In summary, the channel region of the field effect transistor device provided by the embodiment of the invention includes the anti-state doped region implanted with the counter-state ions, and the anti-state doped region is symmetrically distributed relative to the central axis of the channel region, so that the conducting channel of the device is widened, the probability of forming hot carriers by electrons is reduced, the hot carrier injection effect of the device is reduced, the saturation current of the device is increased, the threshold voltage is reduced, and the device performance is improved.
Fig. 2 is a flowchart of a method for fabricating a field effect transistor device according to an embodiment of the disclosure, and the following details will take an example of fabricating an NMOS device, as shown in fig. 2, and the method includes the following steps:
step S302, providing a substrate.
Step S304, defining a first position of the channel region in the substrate, and performing second type ion implantation on the substrate portion at the first position to form a counter doped region, wherein the counter doped region is symmetrically distributed relative to a central axis of the channel region.
In step S305, a second position of the well region is defined in the substrate, and a first type ion implantation is performed on a portion of the substrate at the second position, where the first type ion is opposite to the second type ion.
In step S306, a gate structure is formed over the channel region.
In step S307, lightly doped ion implantation is performed on the substrate portion at the second position with the gate structure as a mask, so as to form lightly doped regions, and the lightly doped regions are located at two sides of the channel region.
And step S308, carrying out source-drain injection on the substrate part with the second position of the lightly doped region by taking the gate structure as a mask to form a source region and a drain region, wherein the source region and the drain region are respectively positioned at two sides of the channel region.
When the scheme is adopted to manufacture the device, the conducting channel is widened, and the probability of forming hot carriers by electrons is reduced, so that the hot carrier injection effect of the device is reduced, the saturation current of the device is increased, the threshold voltage is reduced, and the device performance is improved.
In exemplary embodiments of the present disclosure, a P-type substrate may be directly employed, an N-type substrate may be employed, and the conductive channel is located in a P-type well region in the substrate.

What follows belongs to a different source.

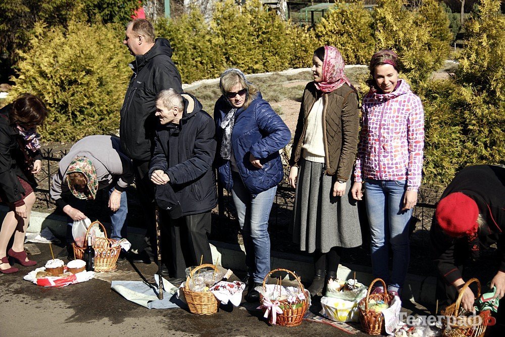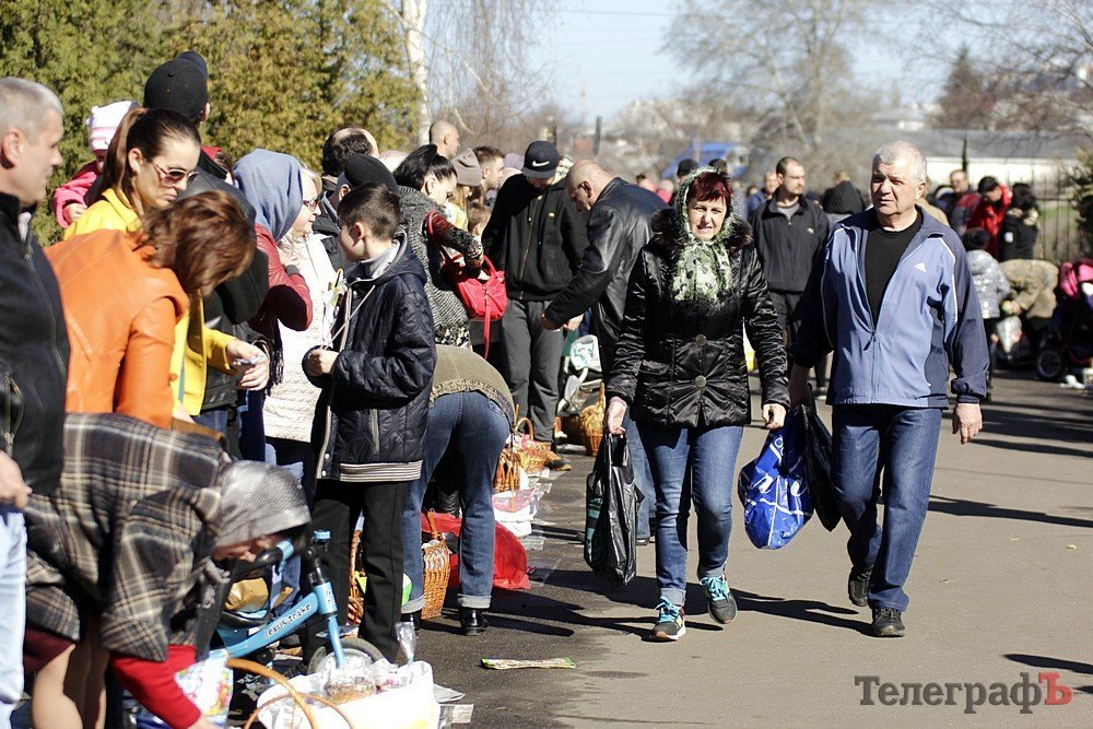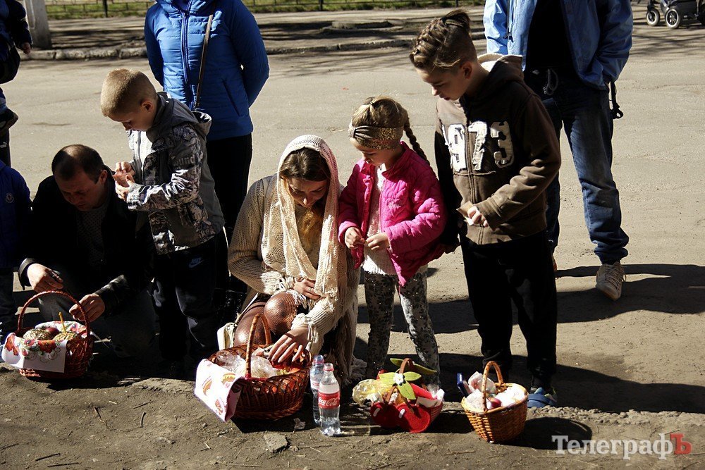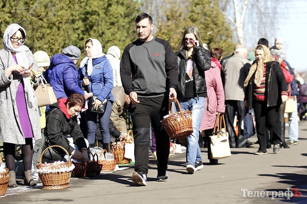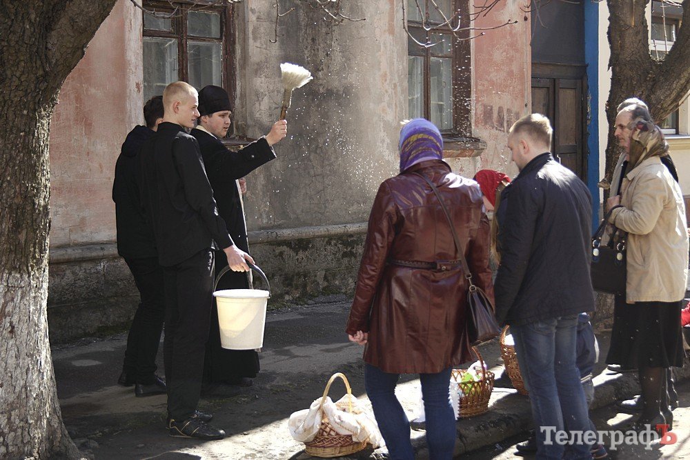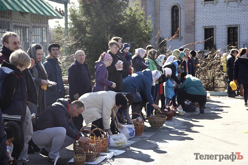 Кременчужане с самого утра уже посвятили свои пасхальные корзинки и пакеты:)

When the P-type substrate is adopted, the implantation dosage of the P-type ions in the well region is higher than that of the P-type ions in the substrate.

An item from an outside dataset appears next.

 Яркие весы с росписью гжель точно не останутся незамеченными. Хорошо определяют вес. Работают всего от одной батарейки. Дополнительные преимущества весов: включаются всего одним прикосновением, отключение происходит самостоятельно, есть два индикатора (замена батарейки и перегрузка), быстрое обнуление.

Fig. 3 is a schematic diagram illustrating performing step S304 to perform a first type ion implantation. As shown in fig. 3, arsenic As ion implantation is performed at a specific location (e.g., a specific location defined by a photolithography process) in the N-type substrate 901, to form an anti-state doped region 9051. The ion implantation in this step is counter-doping, i.e. the ion implanted in a specific location in the counter-ion implantation process should be of the N-type ions such As P or As, which are opposite to the ion implanted in the conventional NMOS.
In this embodiment, this step performs ion implantation over the entire length of the conductive channel to form a counter-doped region that is symmetrically distributed about the central axis of the channel region.
In step S304, when the first form ion implantation, that is, the counter ion implantation is performed on the substrate, the implantation dose of the counter ion is 1.5E12 to 1.9E12 per cubic centimeter, and the implantation energy of the counter ion is 30 to 35kev.
For example, in this embodiment, the implantation energy for the reverse ion implantation may be selected to be 32KeV, and the implantation dose of ions may be 1.7E12 per cubic centimeter.
It should be noted that, the ion implantation may cause lattice damage of the crystal, after the ion implantation process, the integrity of the crystal lattice must be recovered by high-temperature annealing, and the high-temperature annealing may cause further diffusion of ions, so that the range of the ion implantation area should be slightly smaller than the range of the desired counter-state doped area, so that the abnormal-state doped area formed after the high-temperature annealing just meets the requirement. As an example, the first ion implantation to form the counter doped region may further include an annealing process, which may be used to repair damage to the substrate and to control diffusion of implanted ions.
In an exemplary embodiment of the present disclosure, in step S305, a first type ion implantation is required to be performed on a second location where a well region defined in a substrate is located, where the first type ion is opposite to the second type ion. Thus, the first type here is P-type ions. As shown in fig. 4, P-type ions are implanted to form P-type well region 902.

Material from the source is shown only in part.